Sarahsteal's picture

Ok I already posted that SS13 is a level ten daddy clinger with NO Relief in sight. Plus SS13 is a total Entitled spoiled disrespectful brat. It's pure Hell when SS13 over. 
 

Now DH Casually mentioned to me he's going to tell SS13 if SS13 has any questions or problems understanding his HW this year to call DH ANYTIME. I Immediately in my head went to panic mode! Why? To begin with SS is lazy, plays dumb and hates doing HW. When SS is over DH has to sit with him and walk SS through EVERYTHING. What should take ten minutes takes HOURS. Now add SS knows DH will basically hold his hand through all his HW. 
 

So here is my FEAR. SS13 will be calling DH on almost EVERYTHING expecting DH to stay on the phone with him for hours walking him through HW. Now between my job and SS's normal visits DH and I get very little alone time. Now I have to worry on those free evenings the brat will be calling daddy for HW help.
 

Now EVEN worse I can see SS13 wanting to come over and have DH help him on harder projects. There goes my free Saturday afternoon with DH. Then of course SS will want to take breaks inbetween school work to have play time with daddy. There goes my whole free Saturday with DH. Yes I'm jumping ahead BUT I know Step brat and this WILL happen if I can't prevent it somehow. 
 

So help! How if anything can I try and discourage DH from opening this can of worms? If this does not work what kind of "rules" can I set ahead of time with DH so this does NOT become a free for all calling/coming over when ever SS wants???

SeeYouNever's picture

I wouldn't worry if he hates homework as much as you say then he's not going to put as much time into it as you fear. If he does end up calling your husband for every little thing I would suggest to your husband that he help him but make sure that he is not doing it for him. Frame it as you are concerned about SS13 needing to be able to do this stuff on his own for tests in the future. 

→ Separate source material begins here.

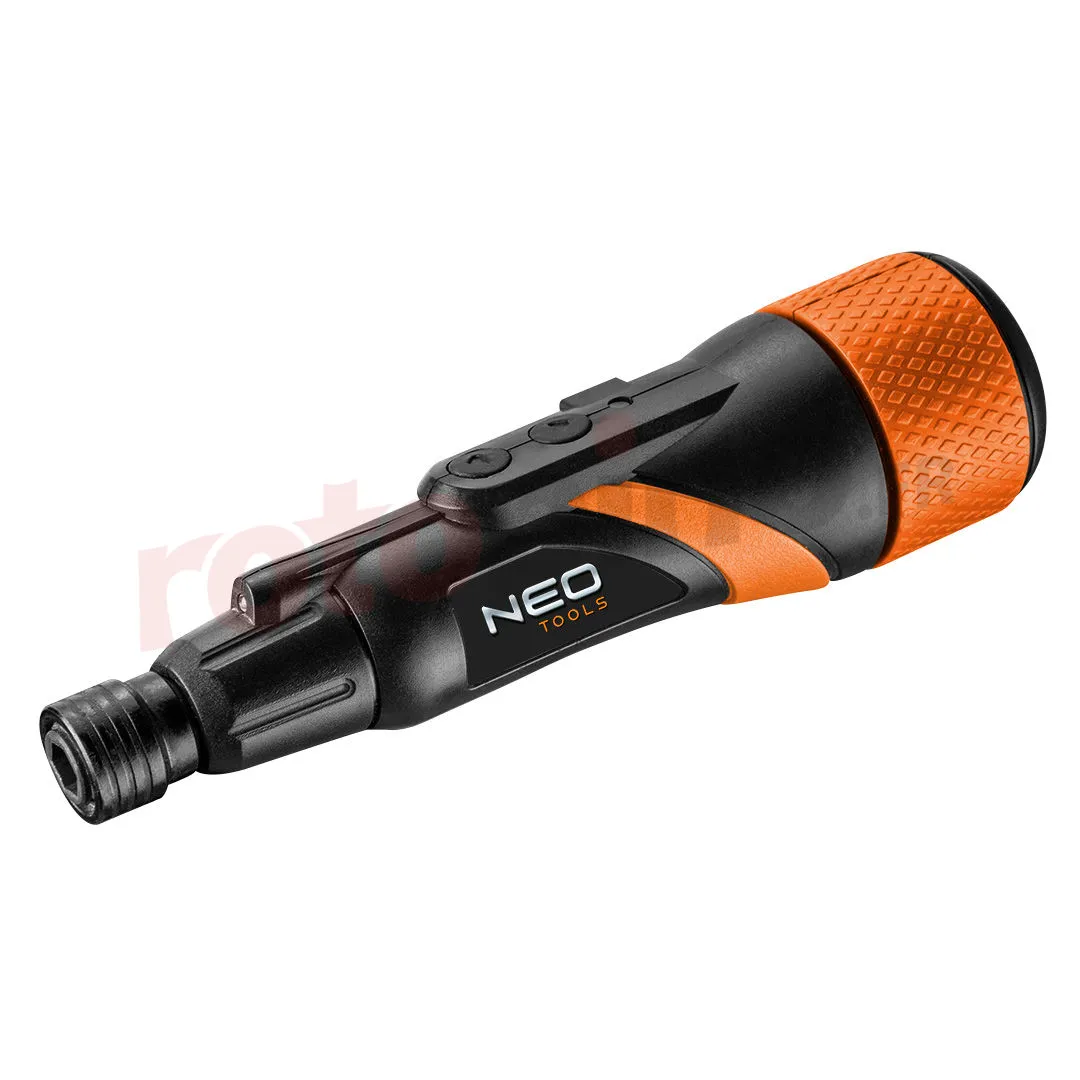 Le tournevis sans fil 04-200 Neo est un outil léger et maniable qui fera ses preuves dans divers travaux d’entretien et de montage. Il dispose d’une batterie lithium-ion 3,6V intégrée chargée avec un câble micro USB. Il y a deux boutons pour faire fonctionner le tournevis – l’un bascule vers la droite et l’autre vers la gauche. Le tournevis Neo peut également être utilisé en version traditionnelle et serrer-dévisser les vis comme un tournevis. Les embouts sont montés dans un support hexagonal 1/4″. Grâce à la conception ergonomique, l’outil est très confortable dans la main.

What kind of courses is a 13-year-old taking? You may find that your DH does not want to to stay up to date in all these topics. You can also count on ss13 forgetting most of his materials. 

Other than that do not ask SS or DH about homework ever. Just mentioning it will remind them that it exists and will make them work on it. Again if SS hates homework as much as you say then it's doubtful that he is going to bring this up on his own. What you have to do is avoid reminding your DH about school work. If you remind him he's going to ask SS and then your fears are going to come true.

ESMOD's picture

I would take this very hands off approach and hoped that it does resolve itself.  I would also do as another poster mentioned and if it turns into SS coming over with projects constantly.. I would be outa there with a fun plan for myself.

If it does end up being a LOT of calls though.. you could gently suggest that "Gee... it seems that SS is having such a hard time grasping his lessons.  Do you think that he might benefit from some one on one time with a tutor?"  Get the kid locked into hours a week with a tutor.. lol.. 

The bottom line is that it's tough to tell a parent to not support their education.. BUT.. if it's more than a mild push over small bumps to help him along.. fine.  If the kid needs constant help.. he needs more instruction.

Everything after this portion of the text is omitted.